REGENCE GROUP INSURANCE COMPANIES DROP CONTROVERSIAL DEAL TO AFFILIATE WITH CHICAGO-BASED CORPORATION
Consumer Groups Relieved, Urge State to Take Steps to Protect Oregon Healthcare Dollars

The Regence Group, which operates nonprofit Blue Cross and Blue Shield plans in Oregon, Washington, Idaho, and Utah, announced today that it is abandoning plans to affiliate with the Healthcare Service Corporation (HCSC), a mutual insurance company. The controversial affiliation proposal had drawn criticism from community advocates because it would have transferred control of the Regence plans to the Chicago-based HCSC. As a result, millions of dollars in assets built up over many years in the nonprofit Blue Cross and Blue Shield plans of each state potentially could have been jeopardized.

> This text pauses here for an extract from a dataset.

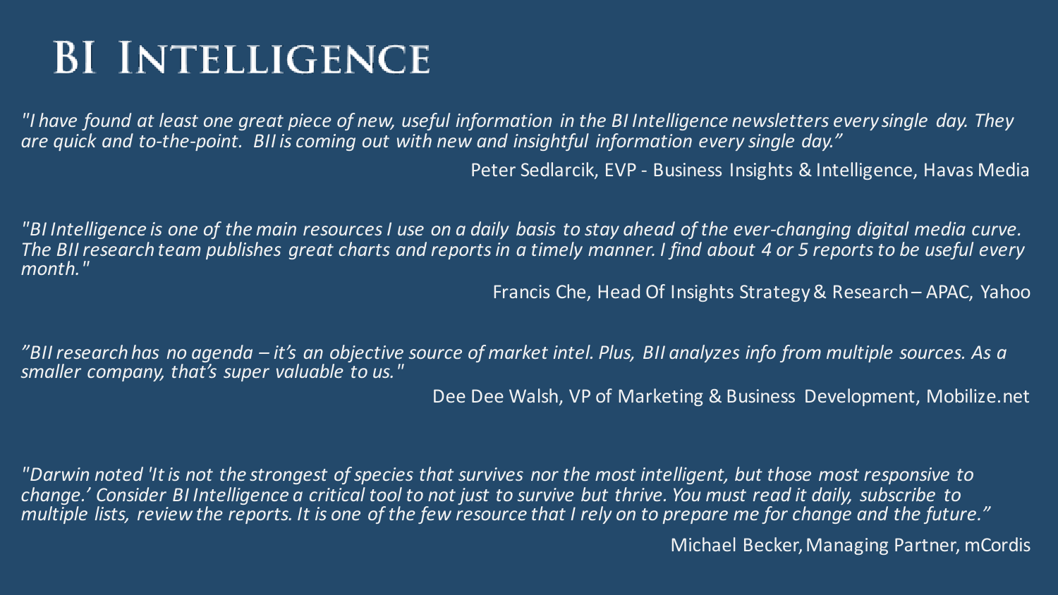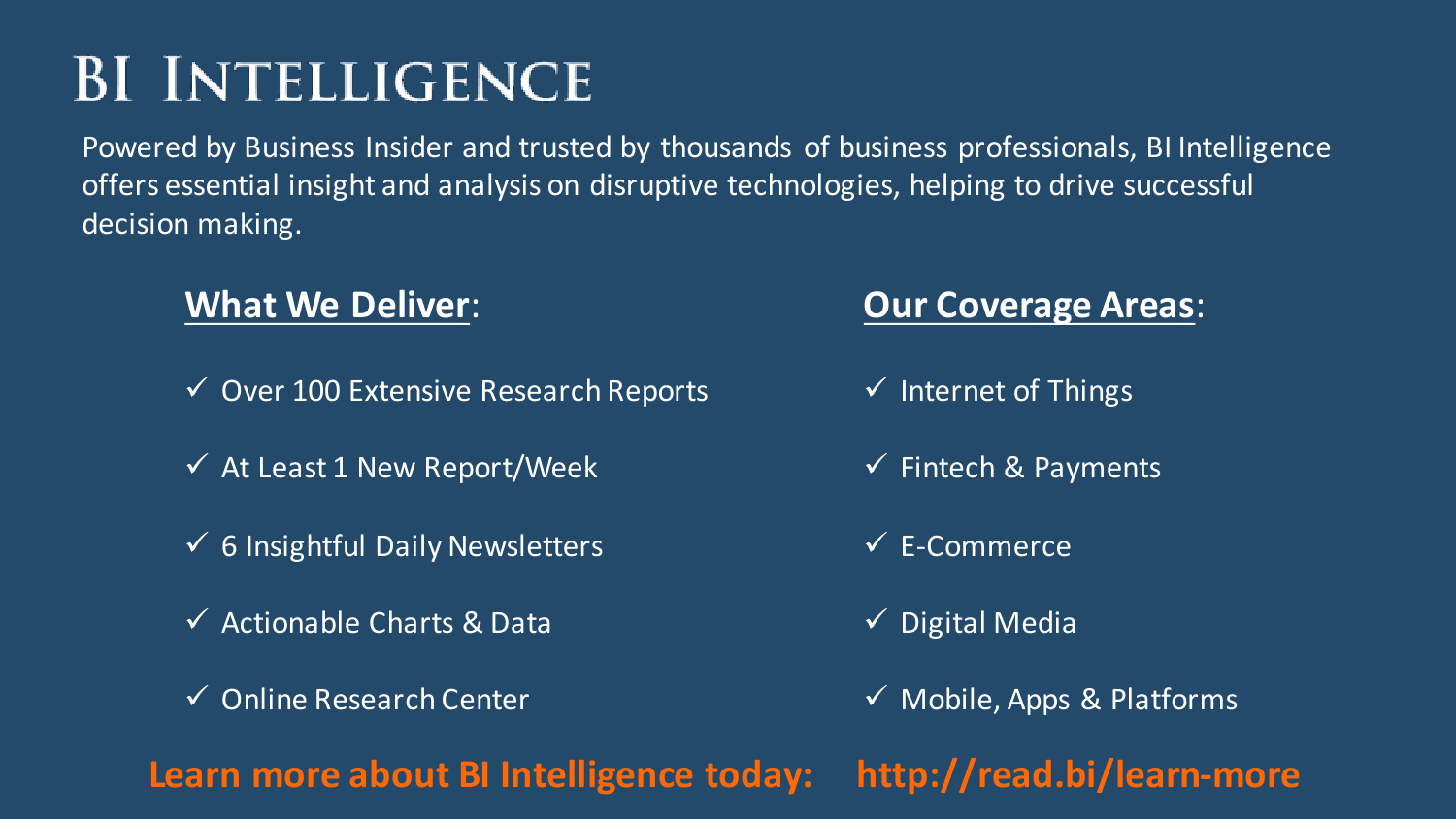 BI Intelligence:2016年全球互联网发展研究报告 PDF版下载可加入我们小密圈,199IT感谢您的支持! 更多阅读:CNNIC:2014年乐山市互联网发展研究报告BI Intelligence:2012年全球移动旅游市场规模超100亿美元K-12报告:2017-2018全球数字学习现状BI Intelligence:预计2018年全球智能手表销量达到9160万部全球互联网产业研究之巴西篇(二)Avazu:全球互联网产业研究之巴西篇利基研究院:农业供应链金融发展研究报告BI Intelligence:亚马逊如何构建自己的移动互联网帝国BI Intelligence:报告显示HTML5将最终战胜本地移动应用BI Intelligence:研究显示HTML5或需更多时间才能战胜本地化应用WhoIsHostingThis:全球互联网主宰者—信息图微软:全球互联网“身份失窃”每年导致50亿美元损失BI Intelligence:美国社交网络用户报告 女性更青睐FacebookBI Intelligence:调查显示美国社交媒体Facebook用户收入最高 年收入超7.5万美元BI Intelligence:社交网络调查分析:Facebook被中年人占领

“We are pleased that The Regence Group has decided to withdraw the affiliation proposal because it would have put at risk millions of healthcare dollars that belong to the citizens of Oregon, Washington, Idaho, and Utah,” said Scott Benbow, Staff Attorney at Consumers Union. “We need to remain vigilant to protect these important healthcare assets so they may continue to serve the community.”
When the proposed affiliation was first announced last year, community advocates warned that similar transactions in other states have made it difficult for regulators to protect the charitable assets of nonprofit Blue Cross insurers when the health plans later converted to for-profit corporations. These assets are supposed to remain dedicated to serving the public if the nonprofit converts to a for-profit entity.
Under the proposed affiliation, the companies intended to create an operating company that would provide administrative services for both companies. The Regence Group, HCSC, and the operating company would have had interlocking boards of directors, all of which would have been controlled by a majority of HCSC directors. Community advocates warned that this arrangement would have resulted in a change of control in favor of HCSC. This concern was echoed by regulators in each of the Regence Group states in a letter to the insurance companies earlier this year.
But even though HCSC would have essentially taken over The Regence Group, it was not offering to pay for the acquisition. By contrast, HCSC paid $20 million to acquire the Blue Cross and Blue Shield plan in New Mexico. The proceeds from the sale of the nonprofit New Mexico plan are being turned over to a new public health foundation dedicated to serving citizens of the state. Public hearings to examine the impact of The Regence Group – HCSC affiliation proposal had been scheduled by regulators in Oregon and Washington for late August and early September.
“Regulators in Oregon and Washington deserve credit for taking community concerns seriously and for beginning a thorough examination of this proposal ,” said Benbow. “This experience underscores the need for state regulators to carefully scrutinize these transactions and for lawmakers to consider whether state law can be strengthened to better protect the assets of our nonprofit healthcare institutions,” he said.
Consumer groups plan to continue monitoring future proposed affiliations with The Regence Group that may affect consumers and charitable assets.